The Internet Archive might sound like a thriving organization, but it only recently emerged from years of bruising copyright battles that threatened to bankrupt the beloved library project. In the end, the fight led to more than 500,000 books being removed from the Archive’s “Open Library.”
“We survived,” Internet Archive founder Brewster Kahle told Ars. “But it wiped out the Library.”
An Internet Archive spokesperson confirmed to Ars that the archive currently faces no major lawsuits and no active threats to its collections. Kahle thinks “the world became stupider” when the Open Library was gutted—but he’s moving forward with new ideas.
Distributed archives seem to be the way forward. It’s much harder to take something down if it’s spread across the globe and not controlled by a single entity
There are some around. I know of https://annas-archive.org/ at least
It’s also much harder to guarantee preservation with distributed archive. Example: torrents with 0 seeders.
That’s why you need more people and spread the word. If enough people and devices are dedicated to the archival probably cess, the safer it is
So 5 times more overhead to guarantee the safety of data, that is x5 more cost cause it’s not like regular people have servers with lots of memory just sitting at their homes.
That’s the price you pay to ensure archival in the face of adversity
I have mixed feelings. I’m glad they survived the lawsuits, and now they can spend their funding on their actual goals rather than it going towards lawyers.

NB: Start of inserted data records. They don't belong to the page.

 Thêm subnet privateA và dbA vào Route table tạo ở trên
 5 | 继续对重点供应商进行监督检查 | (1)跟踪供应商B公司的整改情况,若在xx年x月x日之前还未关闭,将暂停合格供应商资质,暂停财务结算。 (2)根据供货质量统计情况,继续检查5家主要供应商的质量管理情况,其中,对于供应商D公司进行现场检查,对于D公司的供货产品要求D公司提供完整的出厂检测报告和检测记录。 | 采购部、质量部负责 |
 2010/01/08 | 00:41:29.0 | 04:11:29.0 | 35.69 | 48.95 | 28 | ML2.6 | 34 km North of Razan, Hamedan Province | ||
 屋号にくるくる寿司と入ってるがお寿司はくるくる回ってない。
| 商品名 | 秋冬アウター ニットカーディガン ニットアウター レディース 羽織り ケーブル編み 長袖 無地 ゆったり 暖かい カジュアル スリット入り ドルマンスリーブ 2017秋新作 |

On the other hand, it’s really sad that they had to delete so much of their archive - over half a million books, and a bunch of recordings from their Great 78 Project (which was archiving 300k+ music albums released between ~1900 and 1950). A lot of the things that can’t be archived are eventually going to become lost media.

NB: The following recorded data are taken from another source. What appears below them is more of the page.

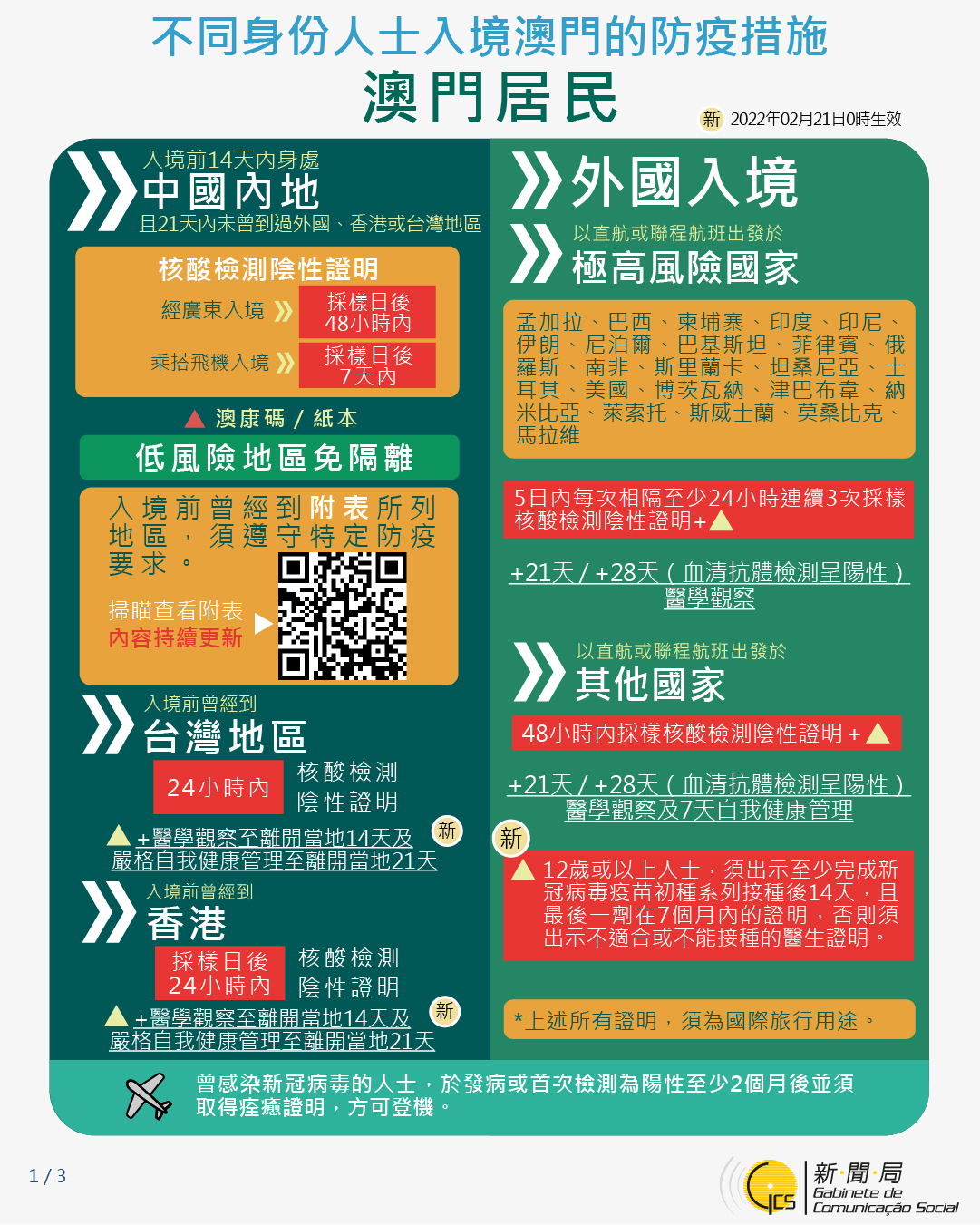 【圖文包】2022/2/17最新入境澳門的防疫措施
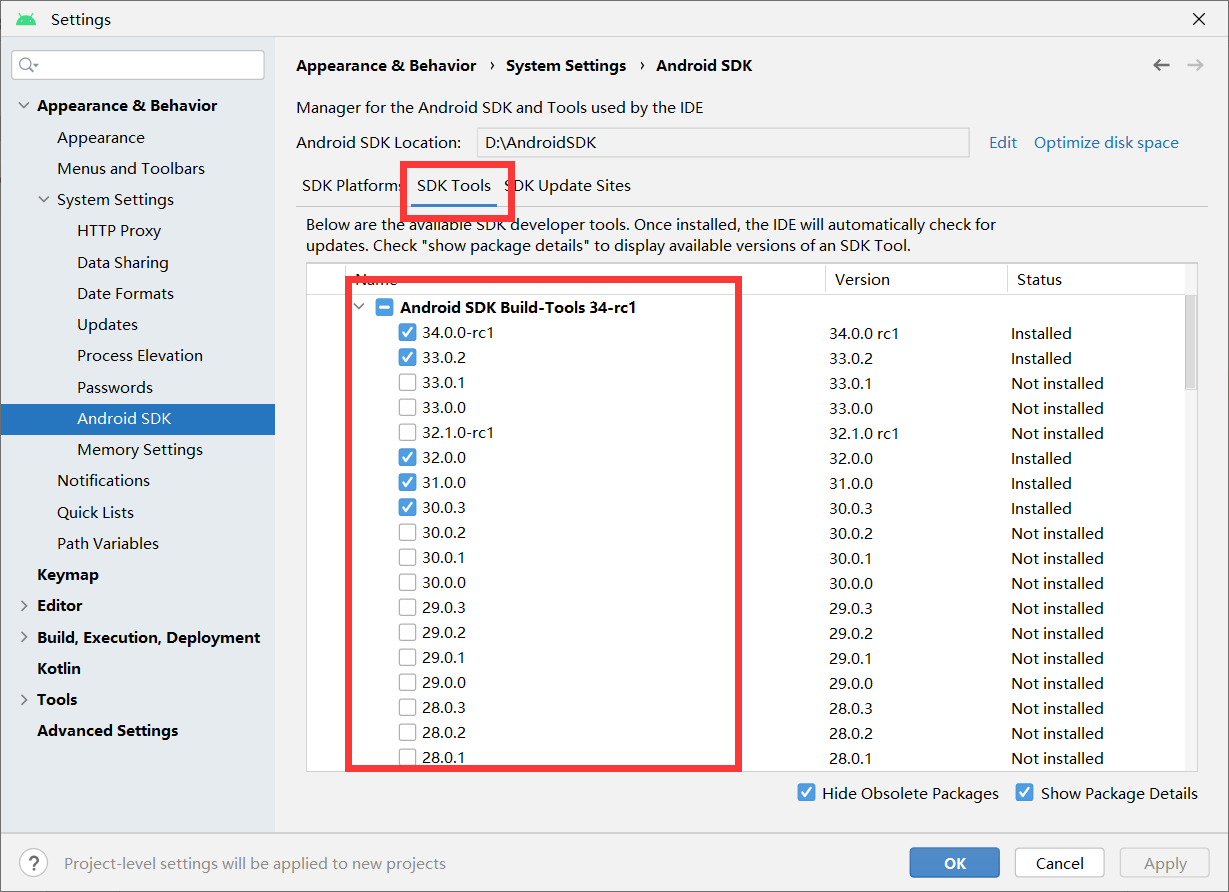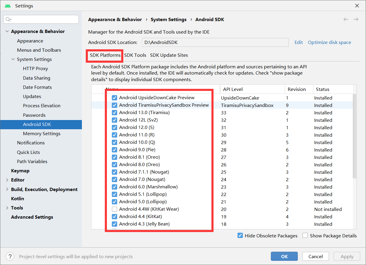 接下来会出现这个界面,在SDK Platforms中,如果电脑硬盘空间充足可以都下载下来,如果空间紧张,就下载7.0以上的就行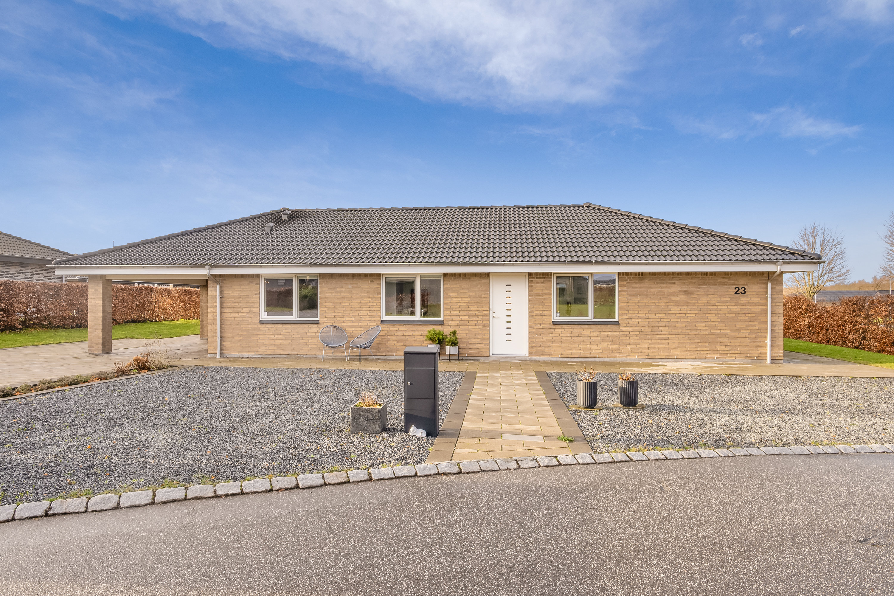 Huset fremstår knivskarpt med alle de kvaliteter, man forventer af et moderne byggeri: gulvvarme i hele huset, spots i loftet og mulighed for en lader til elbil i carporten.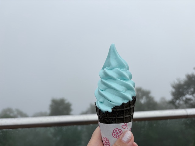 摩周湖ソフトを食べました。霧が晴れたらこんなきれいな摩周湖ブルーの湖が見えたのでしょうね。

I really hope that they didn’t actually delete anything, and only just removed public access.
And open themselves up to massive penalties? That would be beyond stupid.
the judgement did not require they delete the books from their archives, only that they stop lending out digital copies of books fitting specific criteria. which should be obvious because possession not copyright infringement, reproduction/distribution is.

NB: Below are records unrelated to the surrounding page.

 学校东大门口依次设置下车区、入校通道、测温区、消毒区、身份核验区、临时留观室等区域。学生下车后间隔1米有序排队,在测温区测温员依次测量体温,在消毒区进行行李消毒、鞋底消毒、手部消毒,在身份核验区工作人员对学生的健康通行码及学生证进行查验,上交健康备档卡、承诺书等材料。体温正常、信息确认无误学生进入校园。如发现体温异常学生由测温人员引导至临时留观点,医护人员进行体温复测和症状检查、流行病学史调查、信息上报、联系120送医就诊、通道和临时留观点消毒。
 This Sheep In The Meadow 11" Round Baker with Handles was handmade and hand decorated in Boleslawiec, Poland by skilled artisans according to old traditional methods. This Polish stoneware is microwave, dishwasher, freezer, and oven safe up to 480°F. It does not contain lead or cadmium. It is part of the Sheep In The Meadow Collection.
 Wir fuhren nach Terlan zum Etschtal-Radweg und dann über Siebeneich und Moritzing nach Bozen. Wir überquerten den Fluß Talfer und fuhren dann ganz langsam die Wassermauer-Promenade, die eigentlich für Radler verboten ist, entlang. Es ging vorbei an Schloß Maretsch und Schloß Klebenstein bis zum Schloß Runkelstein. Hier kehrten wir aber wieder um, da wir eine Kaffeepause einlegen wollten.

in fact, the judgement specfically allows Internet Archive to continue to use those books “for the purpose of accessibility for ‘eligible persons’”
I wouldn’t think a library/archive retaining data in an offline form would incur penalties, and I feel like preserving books for the future is the opposite of stupid.
I’m 95% sure the settlement with the publishers would have included a clause requiring the Internet Archive to delete all “infringing” material in their possession.
what’s your methodology for that 95% figure? because Internet Archive themselves mention no such clause:
The lawsuit only concerns our book lending program. The injunction clarifies that the Publisher Plaintiffs will notify us of their commercially available books, and the Internet Archive will expeditiously remove them from lending. Additionally, Judge Koeltl also signed an orderin favor of the Internet Archive, agreeing with our request that the injunction should only cover books available in electronic format, and not the publishers’ full catalog of books in print
Because this case was limited to our book lending program, the injunction does not significantly impact our other library services. The Internet Archive may still digitize books for preservation purposes, and may still provide access to our digital collections in a number of ways, including through interlibrary loan and by making accessible formats available to people with qualified print disabilities. We may continue to display “short portions” of books as is consistent with fair use—for example, Wikipedia references (as shown in the image above). The injunction does not affect lending of out-of-print books. And of course, the Internet Archive will still make millions of public domain texts available to the public without restriction.
Preserving is important, sure. But if the settlement required them to delete it and they keep an offline backup and this ever gets out, the settlement is voided and it opens up a world of hurt for them.
This is not a debate about the merits of preservation but about legal repercussions for the Internet Archive.
I didn’t know if it did or didn’t. But since you say that’s the case, that sucks and I hate the publishers even more.